If we are not going to execute them, then get rid of the death penalty because we can’t seem to apply it, and just give those convicted of murder life in prison.
Many times our president stated, “If you like your insurance you can keep it.” He said this numerous times in the days leading up to passage of his health-care system and also many times since the passage of it.
It seems to me that this was a very erroneous statement from him, if not a deliberate lie. What bothers me most is the liberal news media claiming that these were statements made on the campaign trail, either while President Barack Obama was seeking re-election or during the passage of his agenda.
The liberal media state that everyone lies during these elections and in the push for legislation. It is too bad that our great country’s leaders and wannabe leaders cannot be trusted to state their beliefs very clearly and truthfully.
Why aren’t we all holding their feet to the fire and requiring them to be forthright and truthful? Why do we allow these untruths and half-truths to continue with our elected officials?
George E. Hook
Toxic tar sands
Although I was glad to see Enbridge’s Flanagan South tar-sands pipeline finally get front-page coverage, the greatest danger from this pipeline wasn’t even mentioned (1-26, A1, “Pipeline work pumps energy into economy”).
Yes, a major spill from a pipeline pumping more than 25 million gallons of diluted tar sands bitumen every day would be disastrous, particularly if it occurred where the pipe is buried under the Mississippi River or the Missouri River or in the Marais des Cygnes National Wildlife Refuge.
As bad as that would be, however, the effect would be regional.
If Enbridge gets its way, Flanagan South will have a massive effect on the global climate because it’s the vital link Enbridge needs to more than quadruple the amount of bitumen it ships to the Texas Gulf Coast, where it is refined and sold on the world market.
It takes significantly more energy to produce synthetic crude oil from bitumen than to produce conventional oil, which means more carbon is pumped into the atmosphere for every barrel. And the tar sands are the second biggest pool of carbon on Earth.
If we’re to preserve a livable climate, we need to leave as much of the tar sands in the ground as possible.
Light up Kauffman
I would love to see dramatic, attractive night lighting added to the north facing shells of the Kauffman Center for the Performing Arts downtown. How has this been overlooked? The Kauffman Center is one of the crown jewels of the area. It is a new icon for the city.

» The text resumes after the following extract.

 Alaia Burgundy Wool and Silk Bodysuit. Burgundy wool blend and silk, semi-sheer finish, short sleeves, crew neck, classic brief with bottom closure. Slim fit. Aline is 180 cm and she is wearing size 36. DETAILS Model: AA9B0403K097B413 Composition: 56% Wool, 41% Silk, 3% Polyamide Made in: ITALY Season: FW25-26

And yet the gleaming stainless steel shells are dark and barely noticeable most nights, when they could be a dramatic and attractive beacon for our newly vibrant urban core.

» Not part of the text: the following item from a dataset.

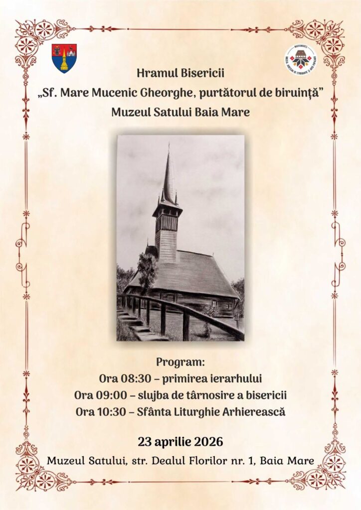 În data de 23 aprilie 2026, Muzeul Satului Baia Mare devine loc de pelerinaj și sărbătoare, odată cu celebrarea hramului bisericii „Sfântul Mare Mucenic Gheorghe, purtătorul de biruință”, aflată în incinta instituției. Evenimentul, încărcat de semnificație spirituală, marchează totodată și un moment important pentru comunitatea locală, prin slujba de sfințire a lăcașului de cult.

There is no excuse to let such a powerful architectural and civic statement sit so quietly once the sun sets over Kansas City.

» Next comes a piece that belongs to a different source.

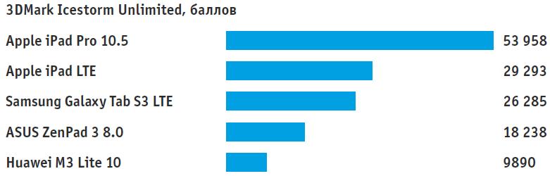 При тестировании в 3DMark планшеты Apple значительно опередили Samsung. Бюджетный ASUS тоже вполне быстрый.

Being a fairly new resident of the Kansas City metropolitan area, I enjoy reading the letters to the editor to get to know people’s ideas about everything. However, when I read something I really enjoy, I have this urge to click “like” and write a “comment.”
Thanks for care
I want to thank the medical and administrative staff at the University of Kansas Cancer Center in the Northland. Its treatment of my lymphoma has always been done with my best interest in mind.
I especially want to thank Dr. Jeremy Flanagan and the nurses in the infusion room. I’m sure I’m not always the best patient, but I’m certain I’m the most appreciative.